Hi, @SiyuanQi , sorry I still have some questions.
Do you mean the 'graph loss' is the 'L1 loss' for the 'adj_matrix'? I did not find you compute this loss in the 'hico.py' and 'hico_graph.py'?
And why do we have to train the 'hico_graph.py' first for the 'pretrained_adj_matrix' rather training from scratch? In other words, I mean the 'adj_matrix' learned from the model that can represent the probability of two nodes adjacent or not, so what's the purpose of obtaining the 'pretrained_adj_matrix' ???
Sorry to bother you again!
@karenyun 1. You can use whatever loss you feel appropriate to train the link function. 2. Pretraining the link function makes the joint training easier.
@SiyuanQi Thanks!😂I may be confused about something, now I got it. Thanks very much!
Hi @SiyuanQi ,
I still have some problems when reading the code, could you give me some suggestions when you are available? Thanks very much!
What the difference between the 'det_features' and the 'bbox_features'. 1) Does the 'det_features' are outputs from the RoIPooling? 2) And the 'bbox_features' are generated from the 'resnet' or 'vgg'?
Why do you want to separate position for the 'object features' and the 'human features' in the 'node_features'?
The ‘edge_features’ seem to do not contain the features between human nodes? While there exist 'person-person' interaction classes?

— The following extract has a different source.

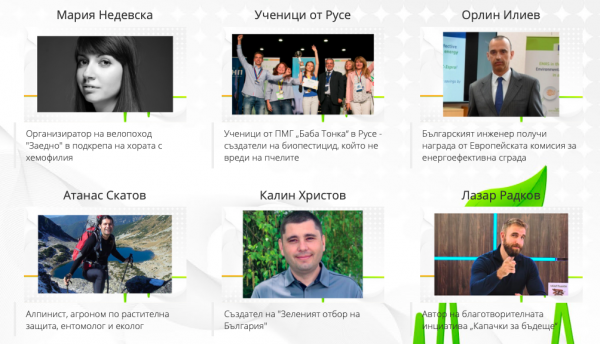 Сред номинираните за приза тази година бяха още: Мария Недевска, Организатор на велопоход "Заедно" в подкрепа на хората с хемофилия, Ученици от ПМГ „Баба Тонка“ в Русе - създатели на биопестицид, който не вреди на пчелите, Българският инженер Орлин Илиев, който получи награда от Европейската комисия за енергоефективна сграда, Създателят на "Зеленият отбор на България" Калин Христов и Лазар Радков, автор на благотворителната инициатива „Капачки за бъдеще“.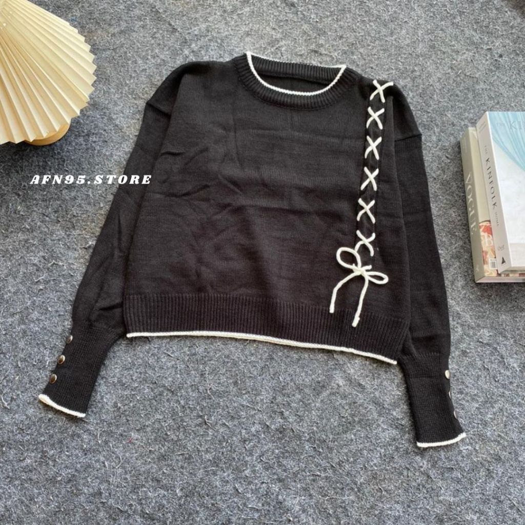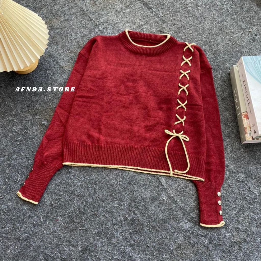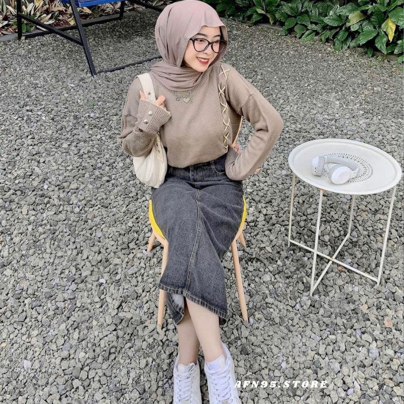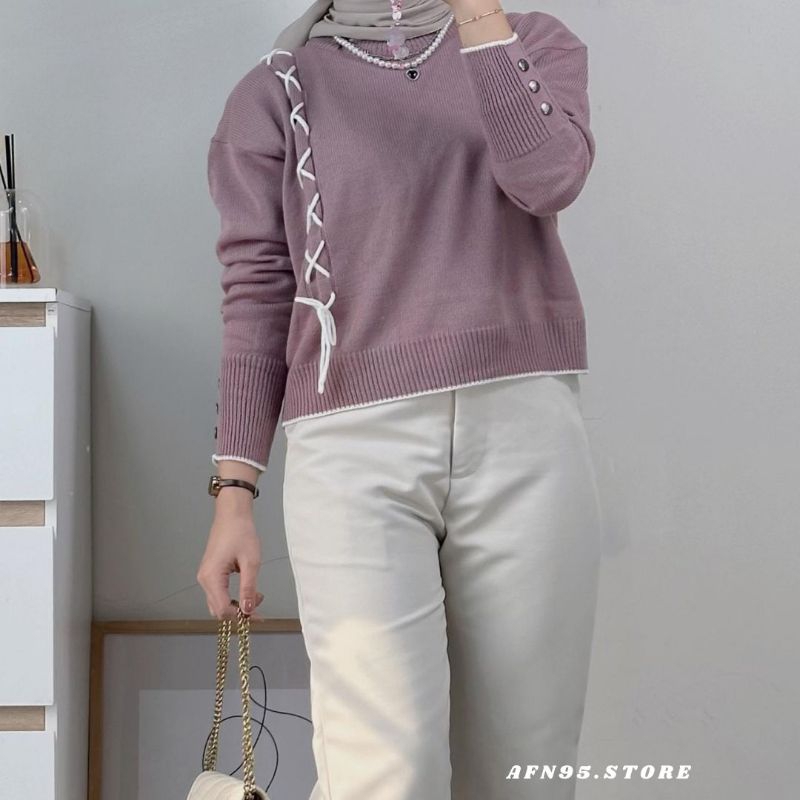 AFN95 - Blouse Wanita Lengan Panjang Rajut Knit Atasan Cewek Motif Tali Kekinian Korean Style CALISTA SWEATER

In the function 'parse_classes' of the file 'vcoco/parse_features.py', how do you make sure 'edge_num = det_classes.shape[0] - node_num'?
The 1st and 2nd dimensions of 'edge_features' are the same as the size of 'adj_mat' according to the 'parse_features.py', but I find one sample that they are not same, I am very confused😂~
Hi @SiyuanQi ,
I still have some problems when reading the code, could you give me some suggestions when you are available? Thanks very much!
What the difference between the 'det_features' and the 'bbox_features'.
- Does the 'det_features' are outputs from the RoIPooling?
- And the 'bbox_features' are generated from the 'resnet' or 'vgg'?
- Why do you want to separate position for the 'object features' and the 'human features' in the 'node_features'?
- The ‘edge_features’ seem to do not contain the features between human nodes? While there exist 'person-person' interaction classes?
- In the function 'parse_classes' of the file 'vcoco/parse_features.py', how do you make sure 'edge_num = det_classes.shape[0] - node_num'?
- The 1st and 2nd dimensions of 'edge_features' are the same as the size of 'adj_mat' according to the 'parse_features.py', but I find one sample that they are not same, I am very confused😂~
Your adj_mat in 59691 while edge_feature in 59692, I think it's why they can't match.
Hi, @SiyuanQi , thanks for the excellent work. When I read the function "loss_fn" in the 'hico.py', I find that though you have given the 'mse_loss', you did not calculate it in this function?
And in the function 'train()', I think the 'hidden_node_states' need to be updated since the messages learned from linked function according to the paper?
Do I misunderstand? Could you give me some advice? Thanks very much!